Google Maps plots pollution hotspots correlated with routes frequently carrying heavy-duty and medium-duty truck traffic.


Joshua Apte/Google

Google has released its first block-by-block map of air-pollution levels, captured with mobile sensors hitched to its Street View cars.

The new pollution map is the result of a year-long project with the Environmental Defense Fund and Aclima, which makes mobile air-quality monitors. Google’s vehicles were equipped with these monitors and sampled each street in areas of Oakland, California, about 30 times over the past year to get a picture of the effects of ‘hyperlocal’ pollution.
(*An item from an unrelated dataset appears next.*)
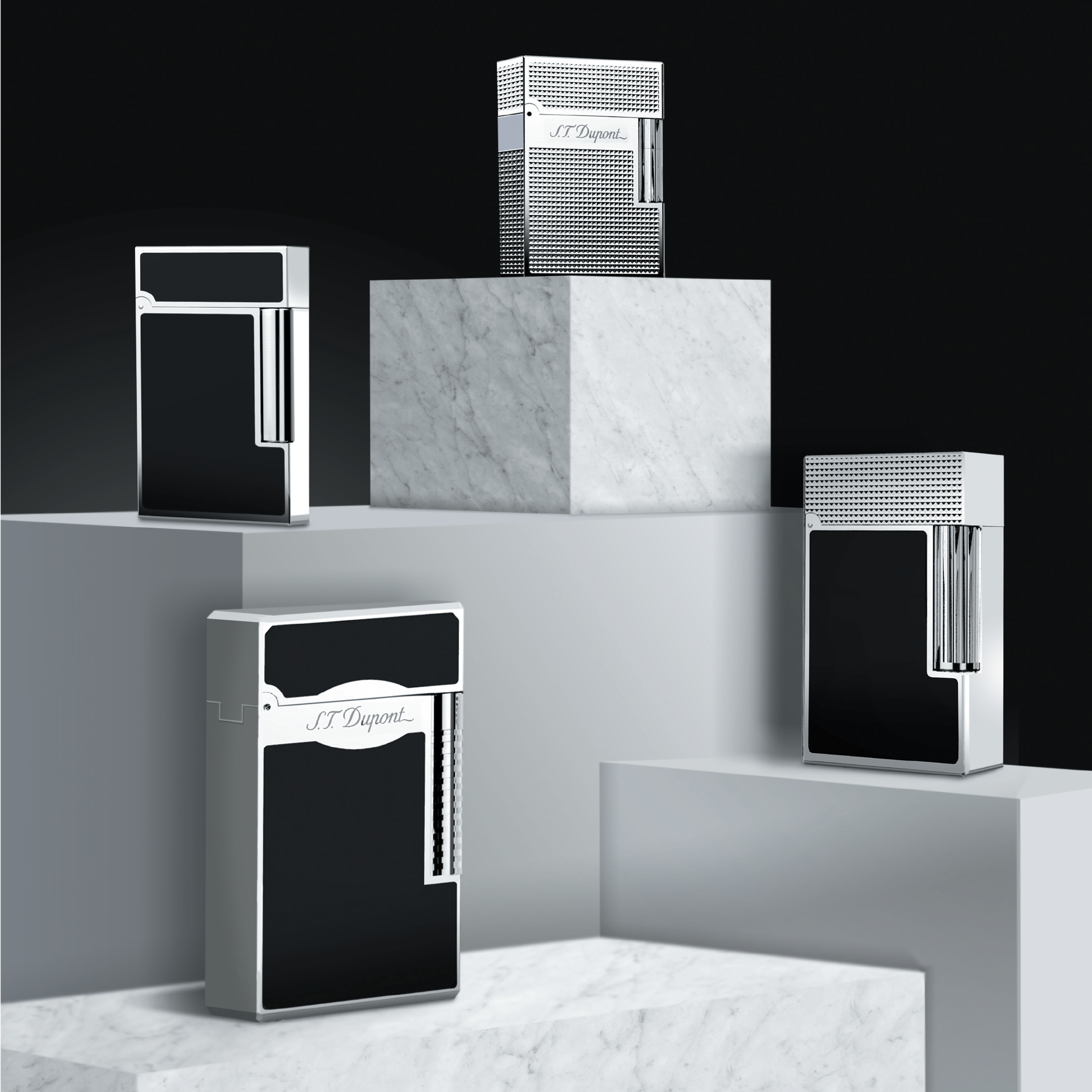 Fuente限量系列(由左至右順時針):Maxijet雪茄剪_$5,900、Ligne2打火機_$68,800、Line D鋼珠筆_$49,800、Maxijet_$7,900 by S.T. Dupont。
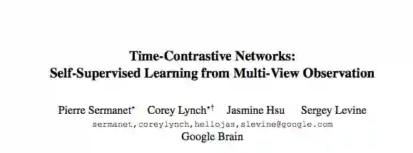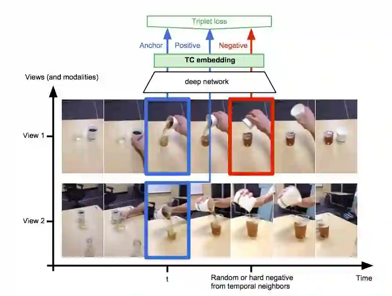 我们提出了一种用自我监督来学习表征的方法,可以完全从多个视点记录的未标注视频中进行学习。这一研究与机器人模仿学习尤其相关,机器人模仿学习要求系统对人与自然环境之间的关系有所理解(视角不变),包括对象交互、属性以及身体姿态。我们使用 triplet loss 来训练表征,其中同一个观测的多个同时视角被吸引在嵌入空间中,同时被从视觉上相似但功能上不同的时间相邻者排斥。这一信号鼓励我们的模型去发现不随视角变化而随时间变化的属性,同时忽略掉如遮挡、运动模糊、光和背景这样的有干扰性的变量。

The project aims to fill gaps in air-quality data collected by the three stationary monitors in Oakland operated by the Bay Area Air Quality Management District. It has a total of 15 in the Bay Area.

While we’re used to seeing Maps displaying traffic congestion, the air-quality map offers a view of streets with different concentrations of dangerous particles, including black carbon, nitric oxide, and nitrogen dioxide.

Zooming in on the map illustrates specific streets and pockets where pollution collects, often near homes, schools and community centers. The street-level data is at a 30m/98ft scale and covers an area of about 30 square kilometers, or 11.6 square miles.

The data revealed that pollution patterns, attributable to local sources, can vary by five to eight times within individual city blocks, according to a paper by a group of researchers led by University of Texas of Austin researcher Joshua Apte.

“Since local variation in air quality profoundly impacts public health and environmental equity, our results have important implications for how air pollution is measured and managed. If validated elsewhere, this readily scalable measurement approach could address major air-quality data gaps worldwide,” the paper notes.

The data turned up specific hotspots where multiple pollutants far exceeded ambient levels. The researchers attributed the higher concentrations to plausible causes, including intersections along a major truck route, vehicle-repair facilities, and industrial sites with frequent truck traffic.

The researchers believe mobile air-quality measurement can be scaled further since spatial patterns can be observed accurately with fewer drive times. Future studies may also use other fleets of vehicles, such as public transport, delivery vehicles and taxis.

While it could be expanded to other cities around the world, the researchers estimate that 500 vehicles could map 25 of the largest US urban areas, covering a third of the total US population.

Scientists can apply to Google to request access to its air-quality data.